Magnetic properties of iron pnictides from spin-spiral calculations

TL;DR

This study uses spin-spiral calculations to analyze how magnetic properties and exchange interactions in iron pnictides vary with wave-vector and doping levels, revealing shifts in magnetic order with doping.

Contribution

It provides a detailed computational analysis of magnetic energy landscapes and exchange interactions in iron pnictides as functions of doping and wave-vector, highlighting incommensurate magnetic states.

Findings

Stripe antiferromagnetic order is favored in undoped compounds.
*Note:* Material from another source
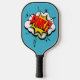Pop Art Pickleball paddle - This custom paddle design is bond to make a statement on the courts. This Pickleball Paddle is ideal for wide range of players and experience. Featuring a hand wrapped grip and fiberglass & polypropylene honeycomb core, this lightweight paddle offers excellent feel and ample power for the competitive player. The smooth hitting surface and conventional shape allows for a bigger sweet spot for more solid contact...Let's play ball!!!

Electron doping induces incommensurate magnetic states at low doping levels.

Hole doping maintains stripe order down to significant doping levels.

Abstract

The wave-vector (q) and doping dependences of the magnetic energy, iron moment, and effective exchange interactions in LaFeAsO, BaFe2As2, and SrFe2As2\ are studied by self-consistent LSDA calculations for co-planar spin spirals. For the undoped compounds, the calculated total energy, E(q), reaches its minimum at q corresponding to stripe anti-ferromagnetic order. In LaFeAsO, this minimum becomes flat already at low levels of electron-doping and shifts to an incommensurate q at delta=0.2, where delta is the number of additional electrons (delta>0) or holes (delta<0) per Fe. In BaFe2As2 and SrFe2As2, stripe order remains stable for hole doping down to delta=-0.3. Under electron doping, on the other hand, the E(q) minimum shifts to incommensurate q already at delta=0.1.